-- Opening Marker --

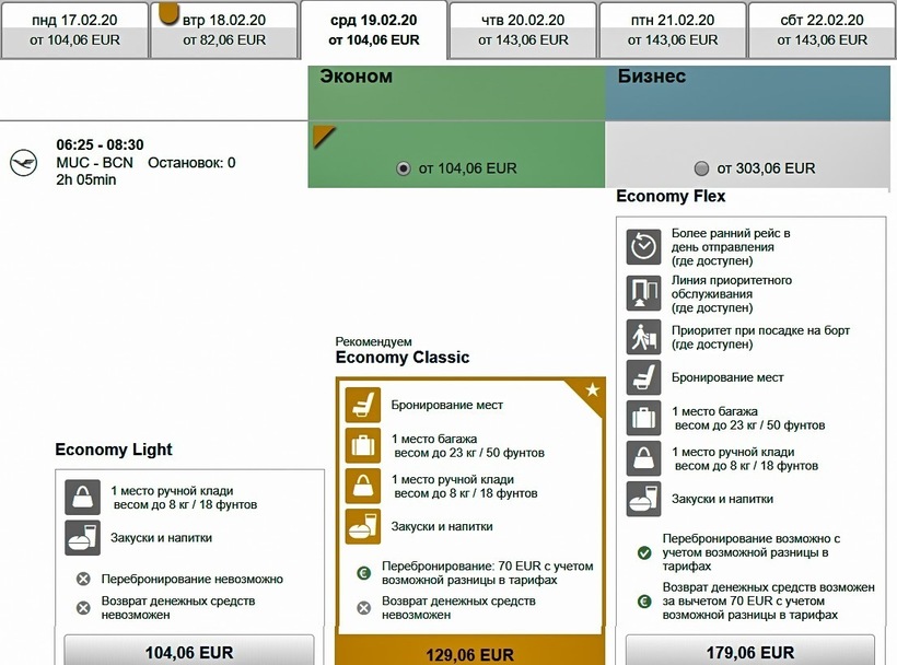 Lufthansa (LH 1808) Airbus A320 | 06:20 Мюнхен (MUC) | 2 ч. 05 мин | 08:25 Барселона (BCN) | 6 марта |
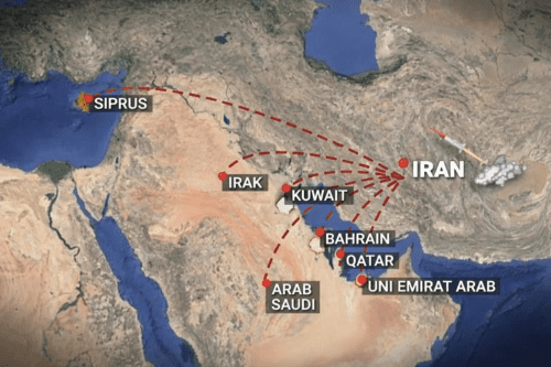 Ilustrasi serangan balasan Iran ke pangkalan militer Amerika Serika yang ada di sejumlah negara Timur Tengah (Ilustrasi YouTube Kompas)
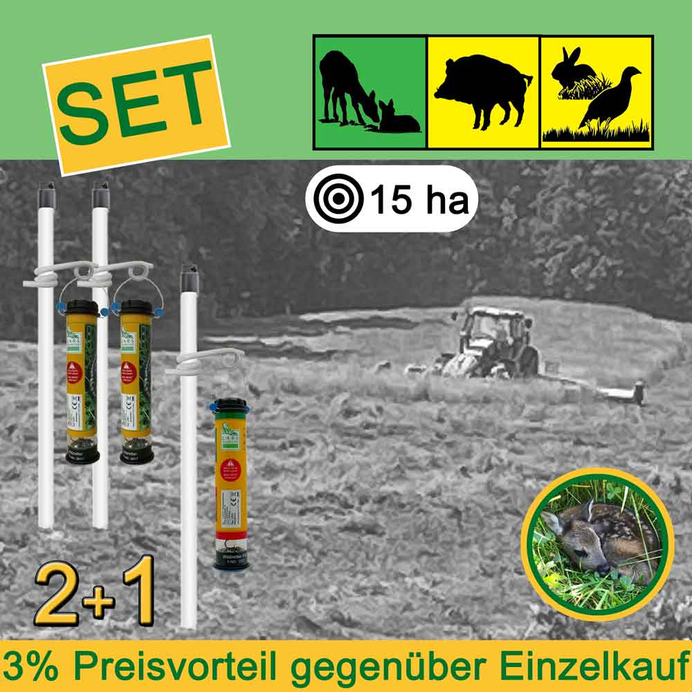 Professionelles Rehkitzrettungs‑Premium-Set mit zwei LS01 Rehkitzrettern und einem Wildretter PRO LS10. Intelligente optisch akustische Signale schützen Wildtiere zuverlässig vor der Mahd.

-- Closing Marker --

Go from the first line of the listing to the line holding "Ilustrasi serangan balasan" and, please, transcribe those lines exactly, both included, with no pictures.

 Lufthansa (LH 1808) Airbus A320 | 06:20 Мюнхен (MUC) | 2 ч. 05 мин | 08:25 Барселона (BCN) | 6 марта |
 Ilustrasi serangan balasan Iran ke pangkalan militer Amerika Serika yang ada di sejumlah negara Timur Tengah (Ilustrasi YouTube Kompas)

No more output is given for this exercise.